Le commandant est mort lors de l’accident qu’il a provoqué, de sorte que jamais on ne saura pourquoi il a poussé sur le manche. Effectivement, dès que l’alarme retentit, le commandant pousse le manche et le maintient poussé pendant plus de 11 secondes. Alors qu’il s’acharne en piquée, l’avion gagne encore plus de vitesse tout en perdant de l’altitude. L’appareil s’approche de plus en plus de l’eau et le GPWS se met tout à coup à crier : « Whoop ! Whoop ! Pull up ! Pull up ! ».

Cette alarme, avec celle de l’incendie, est sans aucun doute la plus effrayante à entendre dans un cockpit. Normalement, de toute sa vie, un pilote ne l’entend pas. Quand elle retentit, il n’y a qu’une chose à faire : tirer agressivement sur la manche et pousser les gaz à fond. Néanmoins, beaucoup de pilotes ont préféré se crasher que de réagir correctement.

Quand le commandant entend cette alarme puissante, il lui reste huit secondes à vivre. Pendant ces longues secondes, il aurait pu tirer sur le manche, mais il n’en fera rien. Le copilote, lui, est terrifié. Il voit le drame se passer, mais, il n’ose pas réagir. Jamais il ne touchera à son manche pour récupérer l’avion.

A moins de deux secondes avant l’impact, le commandant de bord commence mollement à réagir. Il tire sur le manche, mais à aucun moment il n’ira jusqu’en butée. Le résultat ne se fait pas attendre. L’avion s’écrase contre l’eau à une vitesse de plus de 280 nœuds. La profondeur n’est que de trois mètres mais à forte vitesse, l’eau semble aussi dure que du béton. Les débris s’étalent sur plus de 700 mètres. Les 143 occupants de l’avion trouvent tous la mort. L’eau était à 33° et aurait permi la survie de personnes qui n’auraient pas trouvé la mort immédiatement. Hélas, personne n’aura cette chance.

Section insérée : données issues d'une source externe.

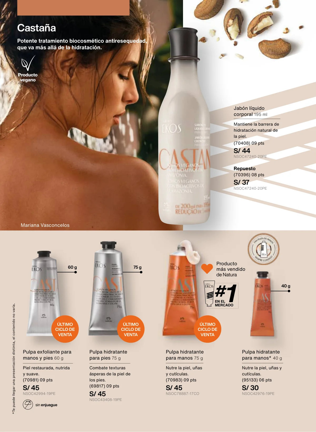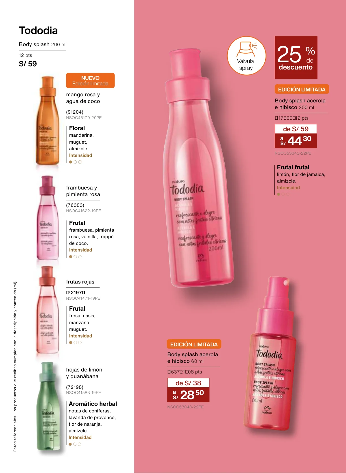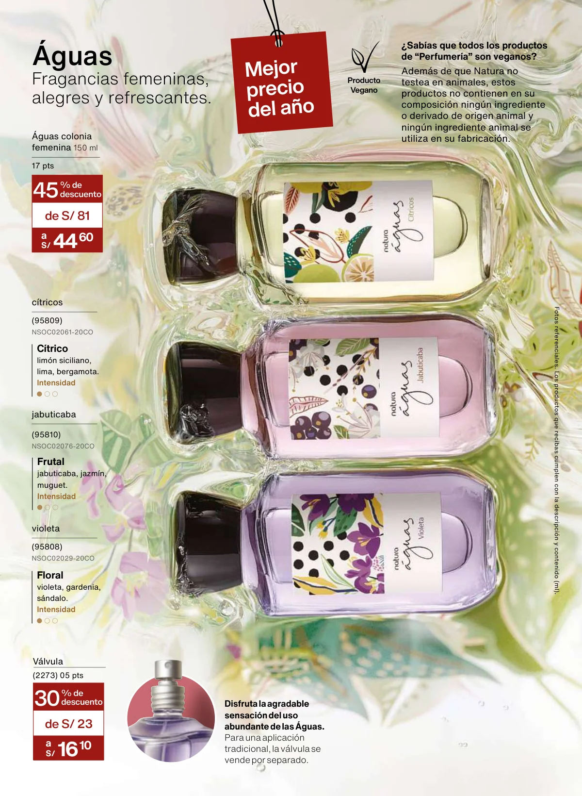 En la página 23 de este fabuloso catálogo podemos conocer la nueva propuesta que Aguas incorpora a su ya exquisita selección. Frutas tropicales es el nuevo aroma que este mes Natura ofrece a su público y seguro que junto a sus otras fragancias (cítricos, lirio y violeta) se convertirá en tu nueva favorita.
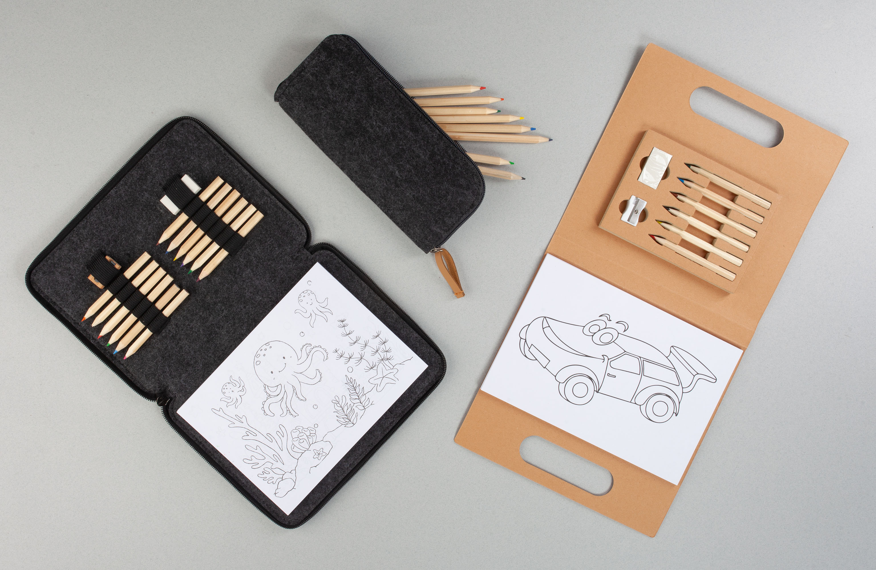 Набор для рисования "Гамма" включает 8 цветных карандашей и практичный футляр из фетра для хранения.

L’enquête fut facilitée par l’accessibilité des lieux et la proportion des pièces retrouvées. L’avion était en bon état et tous les systèmes étaient fonctionnels jusqu’au crash. Des reconstitutions ont été réalisées en simulateur de vol avec divers scenarii. Selon la compagnie, ses procédures imposent aux pilotes de tirer sur le manche jusqu’en butée lorsque l’alarme de proximité du sol retentit. Il fut également déterminé que si le copilote avait pris les commandes et réagi à l’alarme, il aurait facilement pu sauver l’avion. Plus grave encore, il fut demandé aux pilotes réalisant la simulation de lâcher les commandes au moment où l’alarme se déclanche. Dans ce cas, l’avion se remet à plat et commence à monter lentement, mais sûrement. Ceci montra deux choses. D’abord, que c’est le commandant de bord qui a écrasé l’avion contre l’eau en poussant sur le manche comme un malade et ne réagissant pas à l’alarme GPWS qui annonçait le crash. Puis, insulte suprême, que parfois il vaut mieux avoir un avion laissé à lui-même qu’entre les mains de certains pilotes.

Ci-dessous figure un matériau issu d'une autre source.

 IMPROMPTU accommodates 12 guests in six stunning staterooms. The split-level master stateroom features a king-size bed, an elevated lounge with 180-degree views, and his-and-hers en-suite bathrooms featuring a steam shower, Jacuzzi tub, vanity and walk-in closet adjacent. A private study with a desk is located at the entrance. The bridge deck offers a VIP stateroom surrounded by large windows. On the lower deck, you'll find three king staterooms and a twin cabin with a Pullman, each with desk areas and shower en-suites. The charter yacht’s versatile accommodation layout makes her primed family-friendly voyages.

Le commandant de bord, qui se prenait pour le seigneur des pilotes, avait été promu à son poste le 17 juin 2000. Il parti en vacances puis rentra juste à temps pour écraser l’avion qui lui était confié.

Afin de défendre son appareil, Airbus réalisa la même approche sur l’aéroport de Bahreïn avec un vrai A320 cette fois. A bord, avaient pris place divers enquêteurs locaux auxquels s’étaient joints des membres du NTSB et du BEA français. La démonstration se faisant de jour, on demanda plusieurs fois aux passagers de fermer les yeux pour ne se fier qu’à leurs sensations. Diverses expériences furent réalisées et toutes montrèrent que pour s’écraser, il fallait pousser sur le manche afin que l’avion aille en direction de l’eau.

Après ce drame, Gulf Air promis de changer toutes ces procédures afin que ce genre de choses n’arrive plus jamais. Chez Gulf Air tout du moins.